# Your objective:
For the data below, restate word for word only the lines from the line containing "壓力傳感器選用了EGPG IC Sensor 公司的產品,其主要技術指標見表1。" through the line containing "12. If your", both ends included.

# Available data:
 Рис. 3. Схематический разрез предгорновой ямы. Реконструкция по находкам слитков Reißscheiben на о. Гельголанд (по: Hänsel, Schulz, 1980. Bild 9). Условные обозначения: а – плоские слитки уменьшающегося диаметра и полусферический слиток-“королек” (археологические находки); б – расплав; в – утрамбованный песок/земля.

* * *

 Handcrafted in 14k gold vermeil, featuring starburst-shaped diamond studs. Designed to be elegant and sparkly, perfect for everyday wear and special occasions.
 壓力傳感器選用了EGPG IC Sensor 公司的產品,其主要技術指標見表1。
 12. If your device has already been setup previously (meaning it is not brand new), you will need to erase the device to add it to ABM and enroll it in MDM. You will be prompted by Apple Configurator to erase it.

# Your solution:
 壓力傳感器選用了EGPG IC Sensor 公司的產品,其主要技術指標見表1。
 12. If your device has already been setup previously (meaning it is not brand new), you will need to erase the device to add it to ABM and enroll it in MDM. You will be prompted by Apple Configurator to erase it.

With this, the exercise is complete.